Wednesday, March 18, 2009

Marsh Habour anchorage ...

Penelope arrived right on time on Sunday morning, and after getting her stuff aboard Alizee, she decompressed a bit from the trip. I took her down to the William H. Albury to meet Brian and Sheree, the young captain and mate aboard the 70 foot, 14 foot beam schooner. They showed us around the boat and then they had to prepare for the boy scouts who were arriving for a week’s charter in a couple of hours.

After sharing some calamari at Curly Tails and checking out of the marina, P. and I took Alizee out into the harbor and anchor easily in the Marsh Harbor anchorage. So, from the afternoon of the 15th through this afternoon, we’ve been getting used to living aboard, cooking meals, and doing some boat chores, such as doing a second polishing of the hull with Teflon polish … she sparkles!
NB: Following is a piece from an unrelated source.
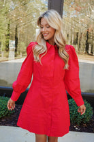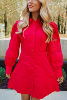 The Sallie Mini Dress brings playful charm to your wardrobe with its pin tuck detail and full front button-down closure. Featuring long cuffed balloon sleeves and a classic collared neckline, this dress blends flirty style with a touch of sophistication. Perfect for day-to-night looks that keep things fun and fresh.
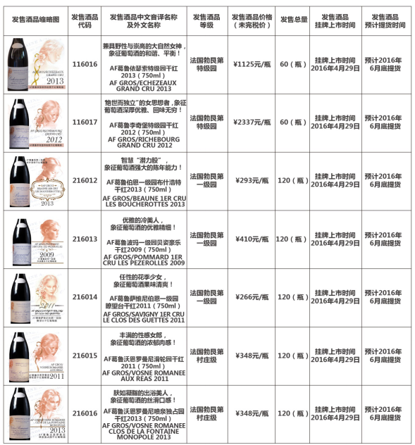 根据《AF葛鲁依瑟索特级园干红2013(750ml)AF葛鲁李奇堡特级园干红2012(750ml)AF葛鲁伯恩一级园布什浩特干红2013(750ml)等酒品发售公告》,下列酒品已于4月15日21时00分发售结束。

A big highlight of Penelope's first night here was that she flew over the Cape when the space shuttle was poised and ready for launch, and this evening after she arrived and we were on the boat at anchorage, we saw the launch from hundreds of miles away.  I managed a pretty poor photo, but it gives a sense of it.  It was truly quite something.

The dinghy runs well, even better after I adjusted the idle, and we’ve had a couple of excursions into shore, one to go to Price Right, the local supermarket, where we picked up primarily vegetables plus a really nice rib-eye for which I got out the barbecue for the first time. That went well, too, which was a nice thing.

I’ve had one boat problem, which is the Raymarine C-80 unit. Just before P. arrived, I discovered that the CF card containing all the charts was not being read by the C-80 plotter. After checking to see the card was reading by loading it into the multi-card digital reader that hooks into my laptop and seeing the chart there, I determined that one of the little prongs inside the C-80 had been pushed in somehow and wasn’t connecting with the CF card. I managed to get on line and discover that there is a Raymarine authorized service agent here in Marsh Harbor, Pat McFaden of Merlin’s Marine Electronics, located just upstairs above the Jib Room restaurant and the Marsh Harbour Marina. On Monday I took the unit into him (after borrowing the proper tool to disassemble it), and he tried his best to repair it. Unfortunately, the prongs are really sensitive and it just kept pushing back through, so we shipped the unit off to Raymarine for warranty repair. Pat figures I’ll have it back within three weeks. I hope so, because although I have a couple of sets of paper charts and a good hand-held Garmin GPS into which I’ve entered scores of waypoints, I’d feel a lot better in these thin Sea of Abaco waters with the active chart plotter handy at the helm.


A low front came through last night and this morning, so we’re holding in Marsh Harbor for another night. I also had some mail delivered to the Jib Room, which I have to pick up this afternoon. Tomorrow is supposed to be a sunny day, and I think we’ll sail to Hope Town and spend a day or so there.